Saint John’s life is one of struggle and disappointment, yet one of dedication to the call of the Lord and perseverance in meeting that call. His humility and service remains inspirational to us today as we face struggles and work to discern the Lord’s plan in our lives!

Selected Quotations of Saint John Neumann:
”My God, how great Thou art, how wonderful in all Thy works! Teach me Thy will that I may begin and end all my actions for Thy greater glory.

Speak to me, 0 my God, let me know Thy will, for behold I am ready to fulfill Thy every command. The difficult, the irksome, I will patiently endure for love of Thee.

0 my God, I thank Thee for the love Thou hast planted in my heart. I will cultivate this precious flower. I will guard it night and day that nothing may injure it. Do Thou, 0 Lord, water it with the dew of Thy grace.”

“Everyone who breathes, high and low, educated and ignorant, young and old, man and woman, has a mission, has a work. We are not sent into this world for nothing; we are not born at random; we are not here, that we may go to bed at night, and get up in the morning, toil for our bread, eat and drink, laugh and joke, sin when we have a mind, and reform when we are tired of sinning, rear a family and die. God sees every one of us; He creates every soul, . . . for a purpose. He needs, He deigns to need, every one of us. He has an end for each of us; we are all equal in His sight, and we are placed in our different ranks and stations, not to get what we can out of them for ourselves, but to labor in them for Him. As Christ has His work, we too have ours; as He rejoiced to do His work, we must rejoice in ours also.”

"A man must always be ready, for death comes when and where God wills it."

Merciful Father, You have given me all that I have in this world, even life itself. In all my daily needs, help me to remember the needs of others too. Make me aware of the need to pray to You not just for myself but for the Church, the Pope, for the clergy and for people who suffer any need. Make me as selfless as Saint John Neumann. Throughout my life, give me the grace to direct my first thoughts to the service of You and of others. Make my prayer - “Your will be done” knowing that in Your mercy and love, Your will for me is my sanctification. I ask this through Jesus Christ, Our Lord. Amen.

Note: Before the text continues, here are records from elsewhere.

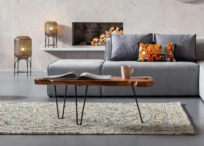Rustikt soffbord av trädstammens råa, naturliga form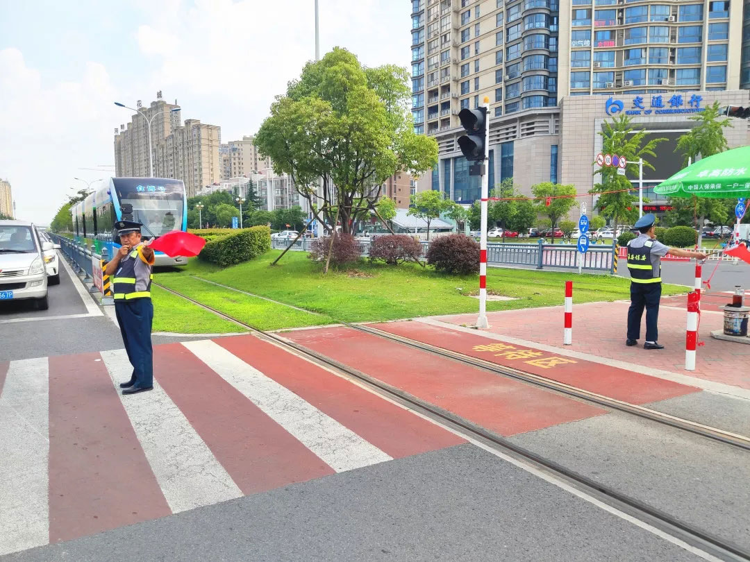 入伏以來,烈日當(dāng)頭,街頭車輛卷起的滾滾熱浪撲面而來,讓人喘不過氣。在淮安現(xiàn)代有軌電車的戰(zhàn)線上有這么一群人,頂著烈日、迎戰(zhàn)高溫、揮舞旗幟、吹響口哨、引導(dǎo)行人。這就是淮安保安派駐在有軌電車各主要道口的引導(dǎo)員們。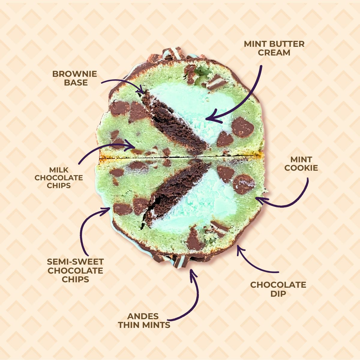 Cool mint-green dough packed with chocolate chips, stuffed with a fudgy brownie and creamy mint buttercream core. Like biting into a scoop of mint chip ice cream with a brownie swirl, only better.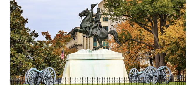 The fountains flank one of the strangest visual juxtapositions in Washington: a flamboyant equestrian statue of Andrew Jackson on a horse balancing only on its hind legs —the first of its kind in the world— surrounded by calm lawns and modest fountains. (Historical note: the statue’s 1853 artist, Clark Mills, had never seen an equestrian statue before. He worked with horse cadavers and his own stallion —named Olympus— to figure out the balance. At the dedication, he threw his own body against the front legs to prove it wouldn’t fall.)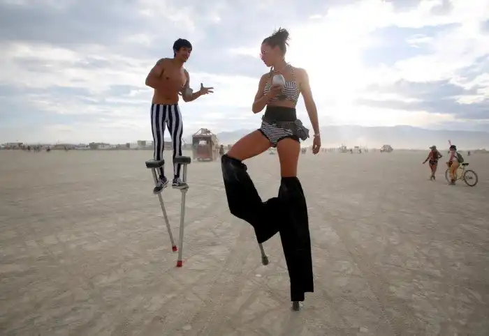 Ходули — популярный вид местного передвижения. Пустыня Блэк Рок в штате Невада, 29 августа 2016. (Фото Jim Urquhart | Reuters):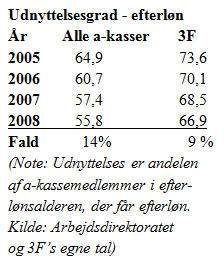 Onsdag viste tal og beregninger fra a-kassernes brancheorganisation, AK-Samvirke, at udnyttelsesgraden af efterlønnen har været støt faldende. Det gælder også blandt 3F’s medlemmer, men ikke i så høj grad.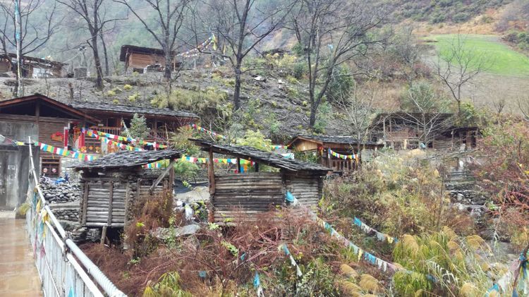 雾里村有怒族和藏族,到处是经幡。有许多这样的小木房子,下面是水车,这房子叫水磨坊。房子下面是山涧溪流水势挺大的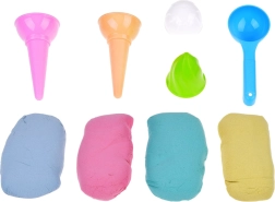 - A csomag tartalma: 4× 70 g homok (sárga, rózsaszín, zöld, kék), 2 műanyag tölcsér, 2 műanyag gombóc, fagyiskanál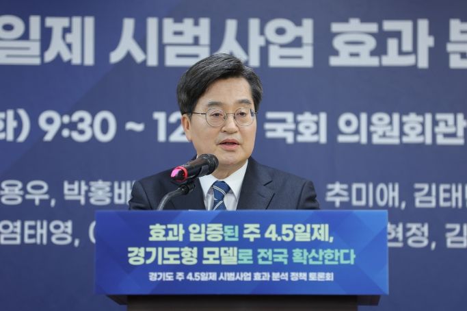 김동연 경기도지사는 10일 국회 의원회관 제3세미나실에서 열린 ‘주4.5일제 시범사업 효과분석 정책 토론회’에 참석해 “주4.5일제는 단순히 근무시간을 줄이는 정책이 아니다”라며 “일하는 방식과 삶의 균형을 새롭게 설계하자는 사회적인 실험”이라고 강조했다.

Looking Back: Last year’s brief post on Saint John Neumann

Year 2: Day 5 of 365
Prayer Intentions: Perseverance and Dedication to the Lord
Requested Intentions: Healing of son, cousin, and friend (L); Healing of a husband from cancer, end to medical problems (T); Freedom from persecution (E); Successful employment (R); Reconciliation of a marriage (M); Successful marriage, employment, healing (J); For a family struggling with a difficult situation (M); For family intentions (I); Reconciliation of a marriage (S); For blessings upon a family (R); Permanent employment (N); Successful employment (M); Healing of a father following stroke (S).